#### DATA FOR ANALYSIS:

· · · · · · ·

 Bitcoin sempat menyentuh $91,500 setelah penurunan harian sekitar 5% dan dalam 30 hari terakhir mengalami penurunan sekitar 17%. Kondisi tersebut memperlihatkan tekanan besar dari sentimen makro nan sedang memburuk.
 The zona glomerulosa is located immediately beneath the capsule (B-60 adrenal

· · · · · · ·

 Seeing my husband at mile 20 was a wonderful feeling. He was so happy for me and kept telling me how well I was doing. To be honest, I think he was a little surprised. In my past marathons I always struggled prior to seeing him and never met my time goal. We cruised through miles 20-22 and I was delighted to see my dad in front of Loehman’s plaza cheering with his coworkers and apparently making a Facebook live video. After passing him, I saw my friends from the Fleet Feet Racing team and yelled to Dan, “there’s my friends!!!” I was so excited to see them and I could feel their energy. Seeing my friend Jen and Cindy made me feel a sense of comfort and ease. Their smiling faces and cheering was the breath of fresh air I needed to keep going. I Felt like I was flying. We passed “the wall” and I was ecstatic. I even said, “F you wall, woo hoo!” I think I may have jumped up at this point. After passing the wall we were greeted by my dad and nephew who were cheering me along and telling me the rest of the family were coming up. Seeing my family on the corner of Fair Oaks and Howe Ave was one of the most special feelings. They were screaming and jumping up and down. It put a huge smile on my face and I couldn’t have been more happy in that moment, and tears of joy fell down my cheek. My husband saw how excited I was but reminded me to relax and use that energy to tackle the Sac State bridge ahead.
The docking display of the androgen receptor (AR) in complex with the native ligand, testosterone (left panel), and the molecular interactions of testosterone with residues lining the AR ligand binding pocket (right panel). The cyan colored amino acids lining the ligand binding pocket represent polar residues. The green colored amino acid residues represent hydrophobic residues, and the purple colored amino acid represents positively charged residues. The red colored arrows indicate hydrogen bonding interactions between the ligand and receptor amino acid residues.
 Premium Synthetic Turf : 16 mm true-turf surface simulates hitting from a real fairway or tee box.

· · · · · · ·

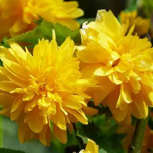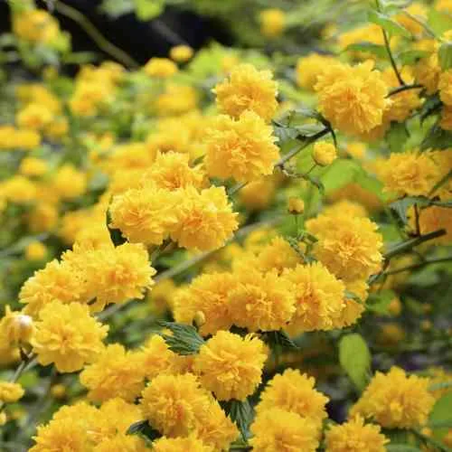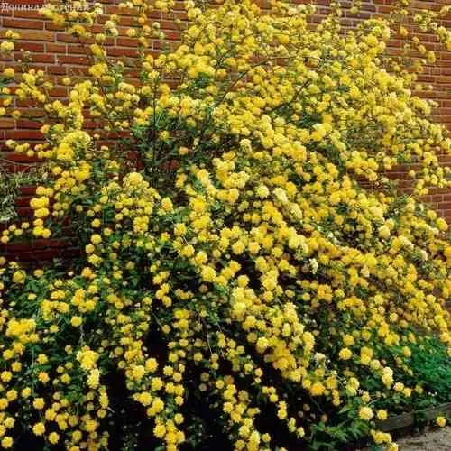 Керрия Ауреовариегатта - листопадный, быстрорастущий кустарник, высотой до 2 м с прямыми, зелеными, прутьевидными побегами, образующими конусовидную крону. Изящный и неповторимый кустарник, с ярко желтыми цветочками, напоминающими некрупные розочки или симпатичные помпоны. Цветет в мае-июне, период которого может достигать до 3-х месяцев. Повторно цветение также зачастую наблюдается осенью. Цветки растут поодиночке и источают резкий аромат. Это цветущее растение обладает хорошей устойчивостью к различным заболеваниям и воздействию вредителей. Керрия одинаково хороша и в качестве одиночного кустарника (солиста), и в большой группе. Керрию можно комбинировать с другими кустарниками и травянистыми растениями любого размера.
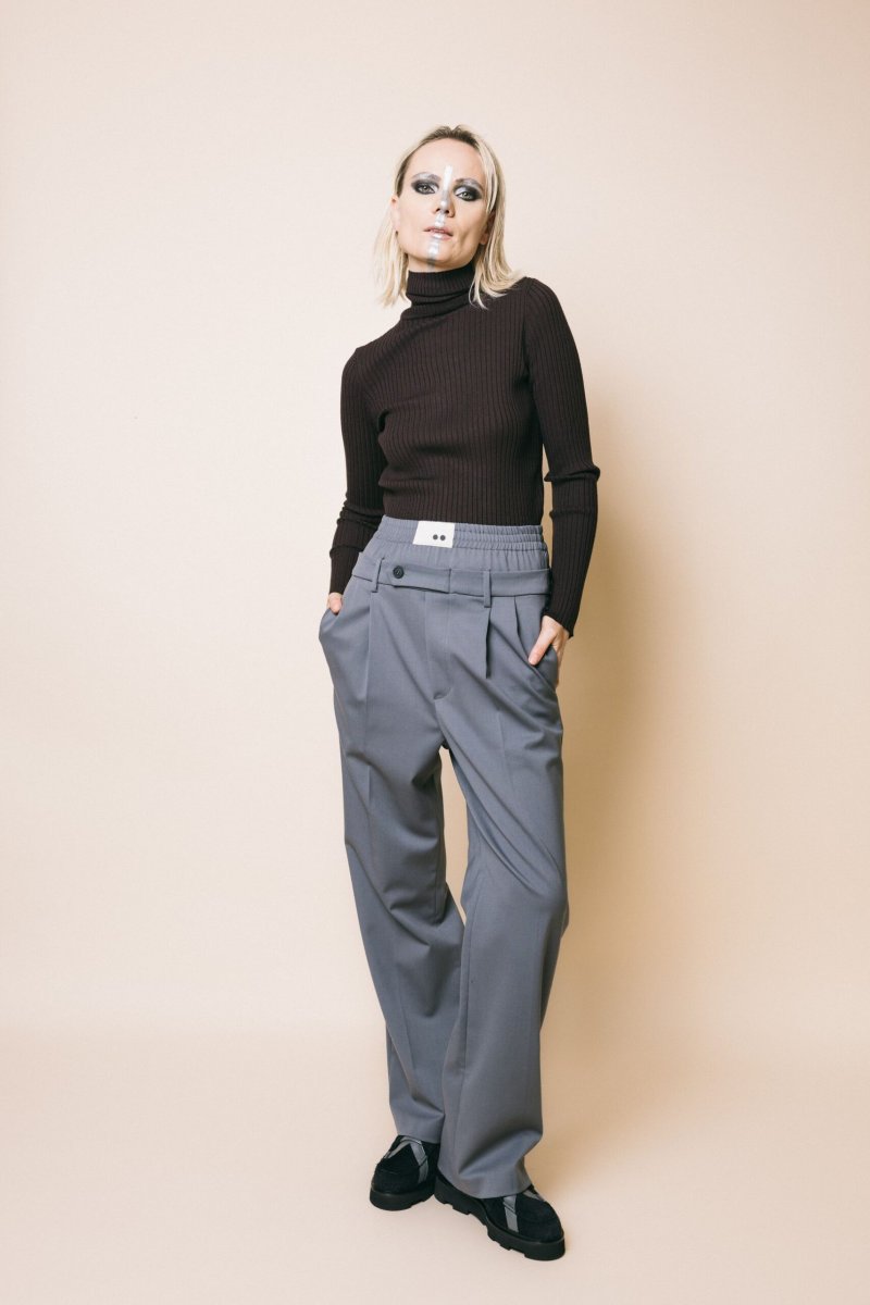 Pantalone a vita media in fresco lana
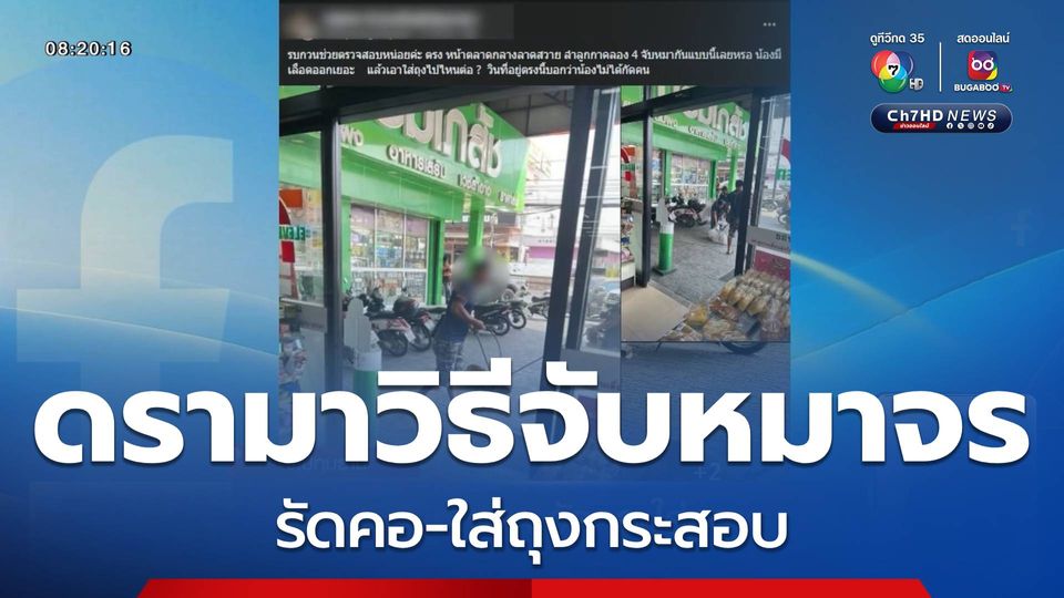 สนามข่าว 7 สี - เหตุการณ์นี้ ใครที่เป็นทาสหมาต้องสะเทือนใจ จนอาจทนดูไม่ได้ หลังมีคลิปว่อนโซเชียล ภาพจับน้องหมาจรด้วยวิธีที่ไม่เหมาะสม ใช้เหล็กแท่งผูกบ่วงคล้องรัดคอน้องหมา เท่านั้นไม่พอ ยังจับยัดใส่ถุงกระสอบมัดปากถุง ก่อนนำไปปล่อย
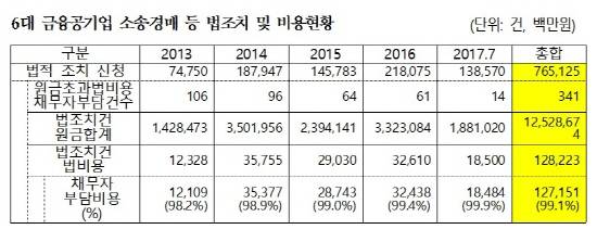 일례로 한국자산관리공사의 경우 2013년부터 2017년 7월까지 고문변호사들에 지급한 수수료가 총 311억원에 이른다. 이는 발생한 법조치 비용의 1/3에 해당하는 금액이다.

· · · · · · ·

#### WORK INSTRUCTIONS:
Among the lines above, find those that contain the word "from" and copy them.

#### SOLUTION:
 Seeing my husband at mile 20 was a wonderful feeling. He was so happy for me and kept telling me how well I was doing. To be honest, I think he was a little surprised. In my past marathons I always struggled prior to seeing him and never met my time goal. We cruised through miles 20-22 and I was delighted to see my dad in front of Loehman’s plaza cheering with his coworkers and apparently making a Facebook live video. After passing him, I saw my friends from the Fleet Feet Racing team and yelled to Dan, “there’s my friends!!!” I was so excited to see them and I could feel their energy. Seeing my friend Jen and Cindy made me feel a sense of comfort and ease. Their smiling faces and cheering was the breath of fresh air I needed to keep going. I Felt like I was flying. We passed “the wall” and I was ecstatic. I even said, “F you wall, woo hoo!” I think I may have jumped up at this point. After passing the wall we were greeted by my dad and nephew who were cheering me along and telling me the rest of the family were coming up. Seeing my family on the corner of Fair Oaks and Howe Ave was one of the most special feelings. They were screaming and jumping up and down. It put a huge smile on my face and I couldn’t have been more happy in that moment, and tears of joy fell down my cheek. My husband saw how excited I was but reminded me to relax and use that energy to tackle the Sac State bridge ahead.
 Premium Synthetic Turf : 16 mm true-turf surface simulates hitting from a real fairway or tee box.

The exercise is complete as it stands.